3. according to claim 2 auxiliary blood fat reducing piece it is characterised in that: by weight meter include the following raw material group Point: Radix Salviae Miltiorrhizae 600-700 part, Radix Puerariae 600-700 part, Monas cuspurpureus Went 150-200 part, propolis 20-50 part, green tea extract 20-50 part, wood Sugar alcohol 80-120 part, Hydroxypropyl Cellulose 30-50 part, silicon dioxide 5-10 part, magnesium stearate 2-6 part, film coating agent 30-45 Part.

4. a kind of prepare as described in any one of claim 1-3 auxiliary blood fat reducing piece method it is characterised in that: include as follows Step:

(1) pre-treatment: by Radix Salviae Miltiorrhizae, Radix Puerariae respectively net system, broken standby；Monas cuspurpureus Went, propolis co-grinding are sieved, obtains mixed powder i； Xylitol, Hydroxypropyl Cellulose, silicon dioxide, magnesium stearate and green tea extract are sieved respectively；

(2) extract, concentrate: weigh Radix Salviae Miltiorrhizae, Radix Puerariae by weight, add decocting to boil, filter, merging filtrate, by filtrate decompression Concentrate, obtain extractum；

(3) it is dried: extractum is spray-dried, sieves, obtain extract powder；

(4) mix: weigh xylitol, Hydroxypropyl Cellulose, mixed powder i, green tea extract and extract powder by weight, mixing, Obtain mixed powder ii.

(5) pelletize: appropriate 80%-90% ethanol will be added in mixed powder ii to make soft material, pelletize, be dried, granulate, and must do Grain；

(6) total mixing: the silicon dioxide weighing by weight and magnesium stearate will be added in dry particl, mixing, obtain and always mix Thing；

5. auxiliary blood fat reducing piece according to claim 4 preparation method it is characterised in that: add in described step (2) The decocting of 10 times amount boils 2 times, each 1.5h.

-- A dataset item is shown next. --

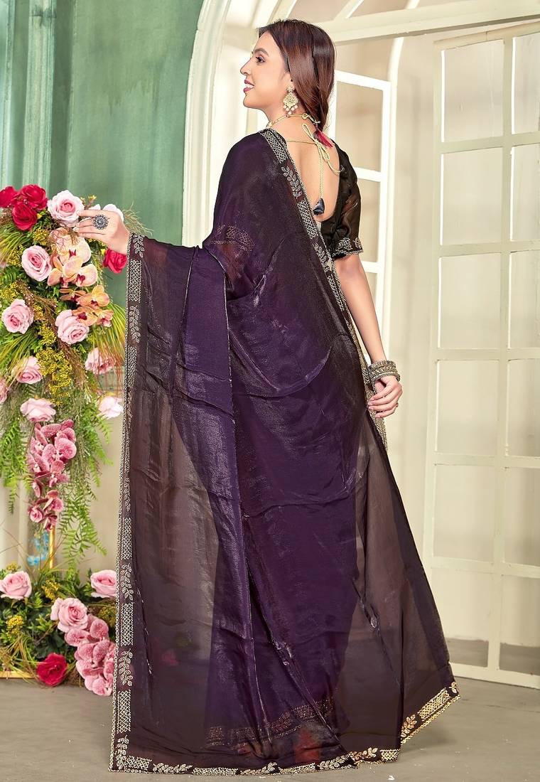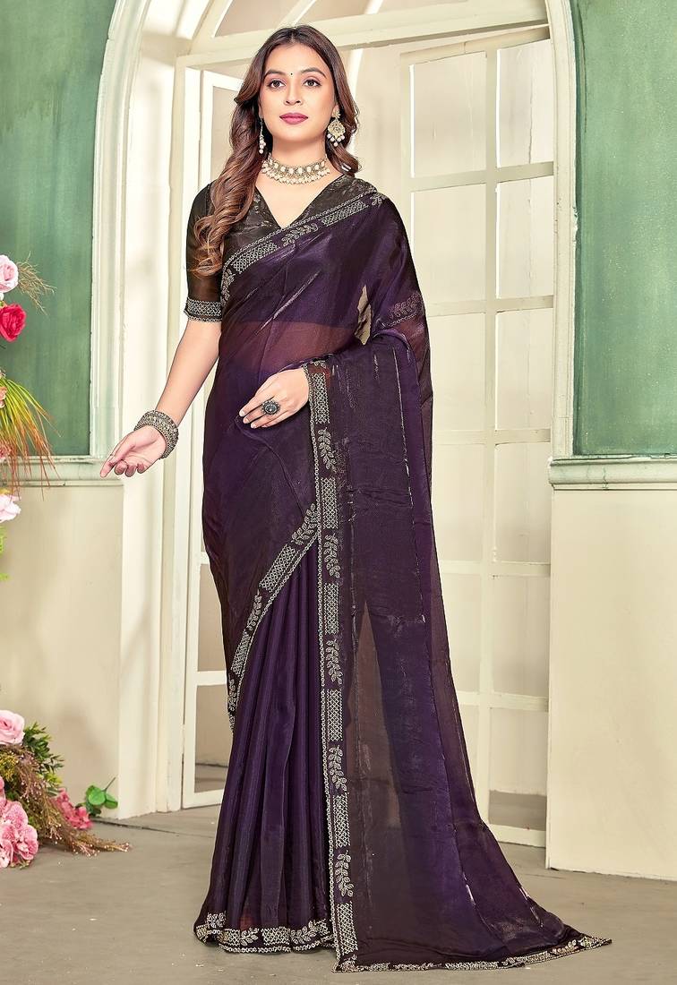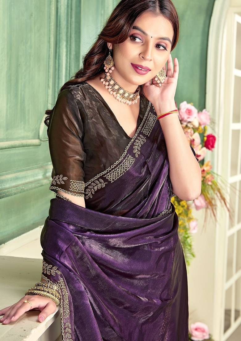 | Product Name | Purple Color Zircon Work Fendi Satin Silk Saree | |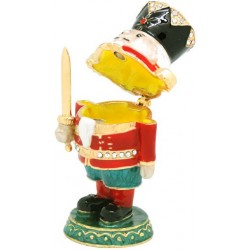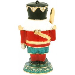 The Christmas Nutcracker trinket box has a hinged opening and a secure magnetic closure. Great for storing small mementos; special messages; fine jewellery charms & nic nacs. The Christmas Nutcracker trinket box would be great to display as a bejewelled trinket figurine. The Christmas Nutcracker trinket box, is a great addition to the Christmas figurines/memrobilia collections of a collector. It also makes a fine collectible or heirloom gift, to mark a special Christmas of a loved one.

6. auxiliary blood fat reducing piece according to claim 4 preparation method it is characterised in that: decompression in described step (2) The condition concentrating is 60-80 DEG C, -0.06--0.1mpa.

7. according to claim 4 auxiliary blood fat reducing piece preparation method it is characterised in that: will filter in described step (2) When liquid is concentrated under reduced pressure to give 70 DEG C, relative density is 1.05-1.15g/cm³Extractum.

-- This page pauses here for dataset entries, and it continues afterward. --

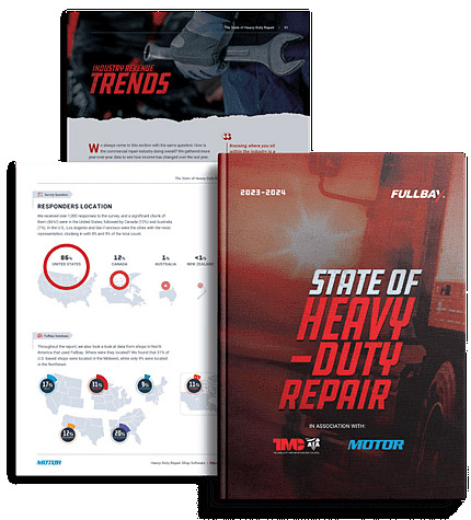 SOHDR, produced by Fullbay, in partnership with American Trucking Associations’ Technology & Maintenance Council (TMC) and MOTOR, is based on a survey of 1,000 professionals in the freight, logistics and repair industries. Results were augmented with app data from 3,500-plus shops using Fullbay.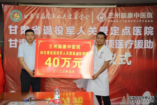 为加强全省退役军人医疗保障工作,兰州脑康中医院向甘肃省退役军人关爱基金会捐赠40万元善款,省退役军人关爱基金会副理事长金长树为医院颁发捐赠证书。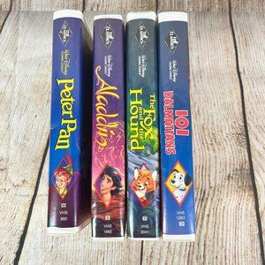 Walt Disney Classics Collection VHS Lot; includes Peter Pan, Aladdin, The Fox and the Hound, 101 Dalmatians.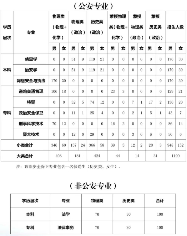 三、内蒙古警察学院2025招生计划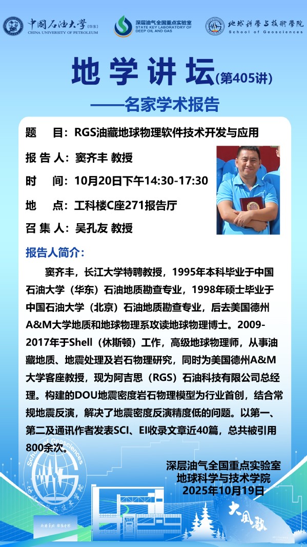 【地学讲坛第405讲】关于窦齐丰 教授《RGS油藏地球物理软件技术开发与应用》学术报告的通知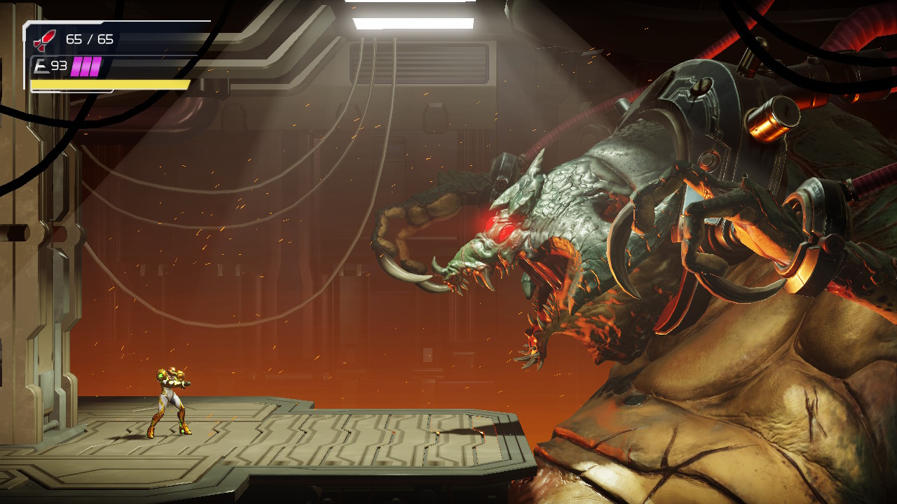 <<< Después de que el bebé Metroid siguiera a Samus como un chiquillo confundido y derrotasen a Ridley, nuestra cazarrecompensas decidió entregar la larva a la central de investigaciones de Ceres, donde podrían estudiar las cualidades energéticas, descubriendo que la absorción de energía por parte del Metroid se podía usar en beneficio de la humanidad. Pero… La estación fue atacada por Ridley llevándose al bebe Metroid sin que Samus pudiera hacer nada.

8. auxiliary blood fat reducing piece according to claim 4 preparation method it is characterised in that: spraying in described step (3) Inlet temperature 170-180 DEG C is dried.

9. auxiliary blood fat reducing piece according to claim 4 preparation method it is characterised in that: mixed in described step (4) The conjunction time is 20-50min.

10. auxiliary blood fat reducing piece according to claim 4 preparation method it is characterised in that: mixed in described step (6) The conjunction time is 10-30min.